:: Source data ::
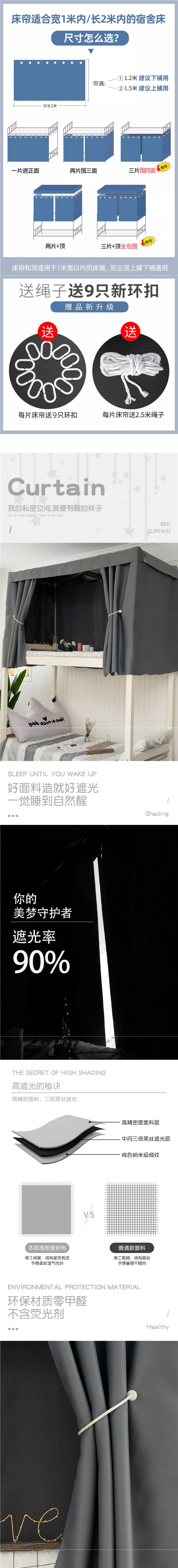 단색 간단한 침대 커튼 대학생 물리학 두꺼운 강한 음영 침실 상부 침대 남성 기숙사 낮은 침대 여성 일반 색상 도매
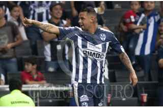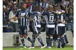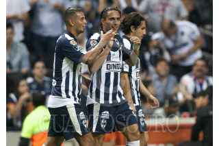 MONTERREY, NUEVO LEÓN, 09ABRIL2016.- Aldo De Nigirs y Edwin Cardona del equipo de los Rayados del Monterrey celebran los goles ante el equipo de Jaguares de Chiapas, en el estadio BBVA Bancomer, partido correspondiente a la jornada 13 de la Liga MX, Clausura 2016. Marcador Final: Monterrey 6 - Chiapas 0. FOTO: GABRIELA PÉREZ MONTIEL / CUARTOSCURO.COM
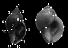 Points d'intérêt pour une analyse morphométrique d'un pourpre.
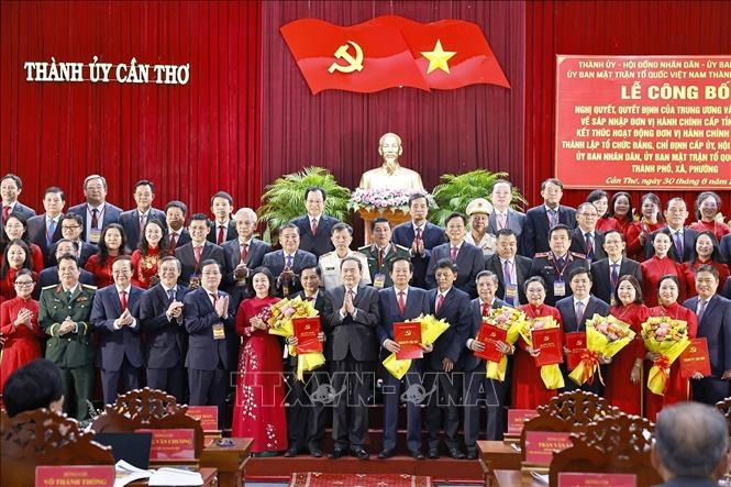 Chủ tịch Quốc hội Trần Thanh Mẫn dự Lễ công bố Nghị quyết sáp nhập đơn vị hành chính cấp tỉnh tại thành phố Cần Thơ. Ảnh: Doãn Tấn/TTXVN
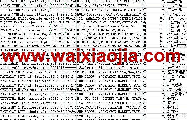 緬甸采購商名單數據為Excel格式,信息可任意修改、復制、打印、導出及導入到傳真、郵件群發(fā)等軟件中,無任何限制。
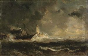 Vor Klippenufer Mit Leuchtturm Kenterndes Segelschiff
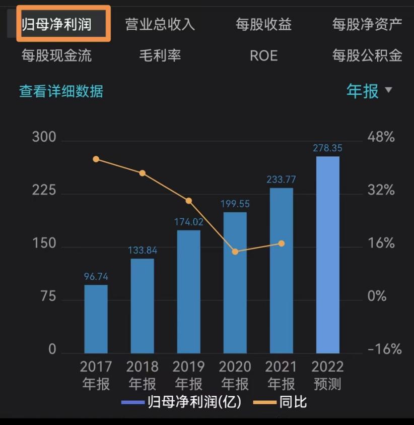 五粮液近几年净利润走势及2022年净利润预测,来源于wind数据

:: Exercise instructions ::
Output the line containing "Vor Klippenufer Mit" and each line after it, through the end of the material, exactly as given. No pictures belong in the output.

:: Exercise result ::
 Vor Klippenufer Mit Leuchtturm Kenterndes Segelschiff
 五粮液近几年净利润走势及2022年净利润预测,来源于wind数据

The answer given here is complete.